K-Nearest Neighbors is a nonparametric learning algorithm in which the classification of an object depends on the values of its neighbors. Each datapoint assumes that its neighbors are indicators for its values and therefore weighs them more than distant values in its predictions [11]. KNN has been previously shown to be highly accurate when tested on gene selection datasets [30]. The parameters used in this study were 3 neighbors.

Metrics

Classification metrics will determine how effective each model was in correctly identifying the current stage of MM progression in a cell. Metrics represent the model prediction out of all cell types in the dataset. For example, accuracy measures the amount of correct predictions out of all 4 cell types, then divides by the total number of cells. Categorical classification of true positives (TP), true negatives (TN), false positives (FP), false negatives (FN), true positive rate (TPR), and true negative rate (TNR) were observed. Accuracy, balanced accuracy, precision, recall, and F-1 score were the metrics included in this study to observe model performance. 80% of each cell type in the dataset was used for training each of the models while the other 20% was used for testing. Figure 4 displays the metrics in depth, along with the entire workflow of the methodology. Macro-averaged scores calculate the scores from each class and take the unweighted mean of all classes. On the other hand, micro-averaged scores calculate the scores globally across classes and adjust for unbalanced data.

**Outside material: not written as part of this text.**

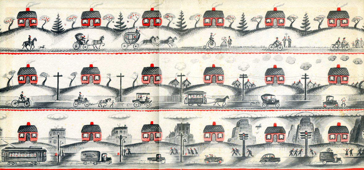 この物語は、作者のバートン自身が1910年代から30年代にかけて体験したアメリカ社会の変化、とくに第一次世界大戦後に急速に進行したモータリゼーション(車社会化)をベースに描かれています。絵本の見返し(図2)には、 ストーリーの流れをコマ送りで展開するように、ちいさなおうちとその周辺の環境と乗物の進歩(馬から馬車、自転車、自動車、路面電車、トラック)が連続するように描かれています。描かれている自動車が、ワゴン車のようなスタイルから、流線型のデザインへと変わっていくところに当時のデザインの状況が反映されています。

Figure 4. Overall flowchart of methodology. Describes equations used to

calculate accuracy, balanced accuracy, precision, recall, and F-1 score.

Multicollinearity

Multicollinearity is when two or more independent variables show correlation with each other, making it difficult to distinguish their independent influence [43]. Multicollinearity between identified driver genes would indicate that a change in expression levels of one gene was the result of a change in expression levels of another gene, making it unlikely that the gene expression levels changed due to MM. To ensure that the identified driver genes were independent of each other, a multicollinearity test was run and the variance inflation factor (VIF) of each gene was calculated. A VIF value of 1 indicates no correlation between variables, and a VIF value of 10 or greater generally indicates multicollinearity [25]. Identified driver genes that showed multicollinearity were eliminated from this study’s analysis, as a change in gene expression is likely not the result of MM.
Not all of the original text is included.